You can find the email address for the device you want to use by visiting the Manage Your Content and Devices page at Amazon and clicking the three dots next to your device to see the email address. You can also click the Edit button to change the address to something easier to remember.
kudos to The DBX at the MobileRead forum for this tip
The harder (but more versatile) way
The method listed above is the easiest way to send an EPUB to your Kindle. But if you’re looking for another method… and one that also gives you a ton of other options for managing your eBook collection, Calibre is your friend.
This free program is available for Windows, Mac, and Linux and it provides a way to organize your eBook library, update cover art, sync books with your device, and much, much more.
Calibre also has a built-in file conversation tool.
In order to use Calibre to convert a DRM-free eBook, all you need to do is download and set up the software, drag and drop a book you want to convert into the main window to add it to your library, and then right-click the title and choose the “convert books” option.
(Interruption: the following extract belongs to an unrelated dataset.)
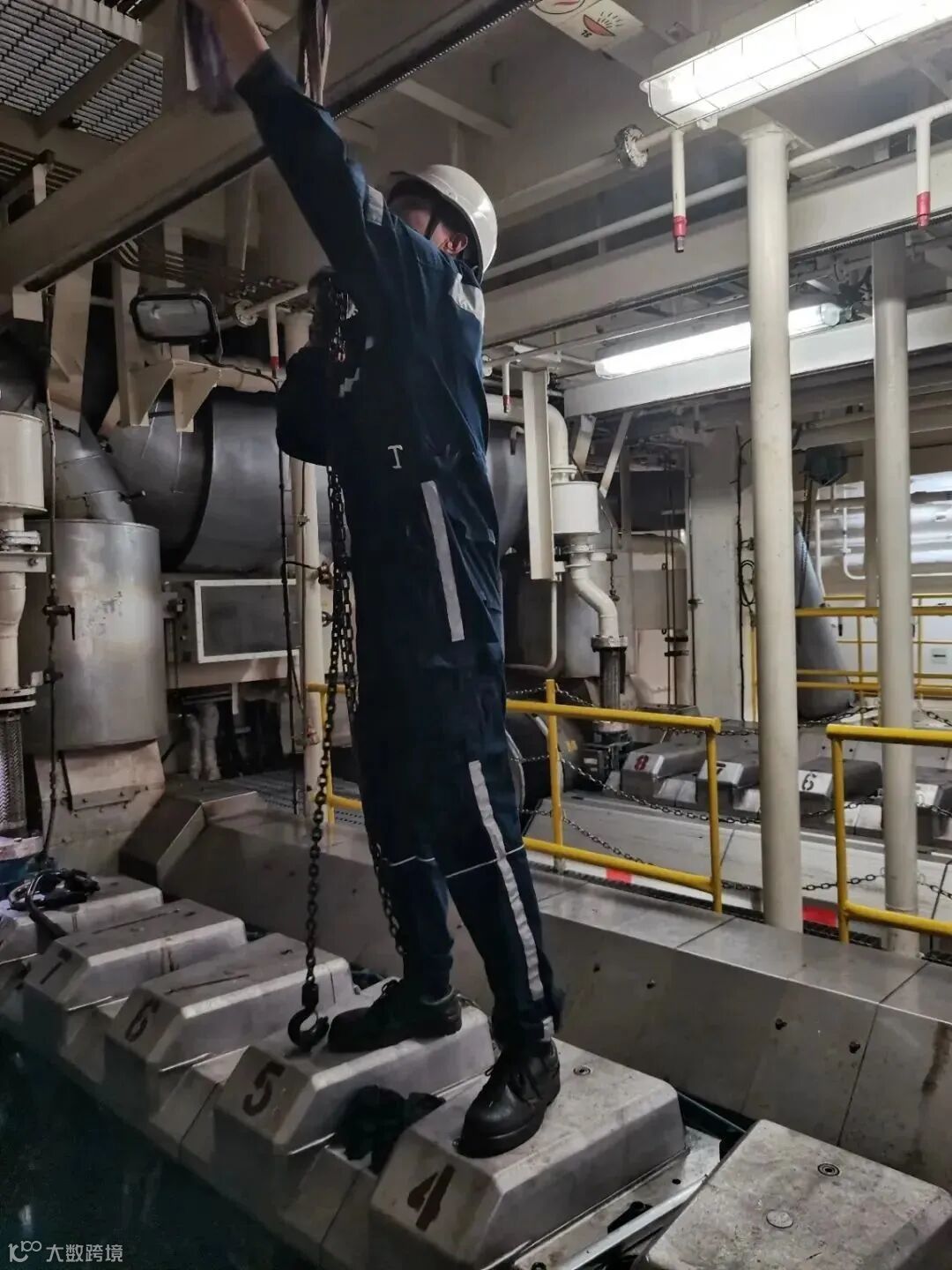 我叫许家铭,现任“祥和口”见习电机员。初上半潜船,感觉一切都很新鲜,一切都充满了未知。船上的生活可以说与风险相随相伴,一不小心就可能遭遇磕碰伤,所以我总是时刻把“安全”二字牢记心中。在船上的这段时间,我跟着师傅们学到了许多在学校里学不到的知识,例如半潜船与其他船不同,机舱分为左右两部分,电力系统分为中压和低压等等,总之设备更多更复杂,自动化程度高,在未来的日子里,我仍有许多东西要学习。路漫漫其修远兮,我相信未来自己能成为一名合格的电机员。

If you choose Convert Individually, the next screen will ask what format you’d like to convert the book to. Select MOBI or AZW if you want to read that book on a Kindle.
Then click OK at the bottom of the screen and wait a few minutes for Calibre to do its thing.
When the conversion job is finished, you can click the link that says “Path: Click to open” to open the directory containing the original file and the converted version.
From there you can transfer the eBook to your Kindle either by emailing it or by plugging your Kindle into your computer with a USB cable and copying the book to your device’s storage.
Calibre also allows you to sync eBooks with a number of different types of eReader, but I usually just use the email-to-kindle option.
And the tool isn’t just for converting EPUB to MOBI or AZW. You can also use it to convert files to and from formats including DOCX, FB2, HTML, LIT, PDB, PDF, RTF, TXT, and ZIP.
The legally iffy stripping-the-DRM way
Calibre cannot strip the DRM from an eBook on its own. But the application supports plugins that extend Calibre’s functionality in a number of ways.
You can access Calibre’s plugins menu by opening the Preferences menu, scrolling down to Plugins, and then either searching for one that’s indexed in Calibre’s catalog, or downloading a third-party plugin from the web and installing it manually using the “Load plugin from file” option.
Apprentice Alf’s DeDRM plugin does exactly what the name implies, and strips the DRM from eBooks imported to your Calibre library.
The tool can strip the DRM from most EPUBs that use Adobe DRM, including those purchased from the Kobo, NOOK, and Google Play stores. It can also strip the DRM from most Kindle eBooks, as long as they’re not in the new KFX format.
But keep in mind that circumventing DRM may be illegal in some regions, even if you’re just doing so in order to read an eBook you’ve already paid for. If that’s the case where you live, then you may be better off reading EPUB books on a non-Kindle device.
Or you could just buy your books from stores that sell them DRM-free, download free eBooks from sites like Project Gutenberg, or the Internet Archive, or check out the latest Humble Bundle Books deals (where I’ve picked up a ton of DRM-free eBooks over the past few years).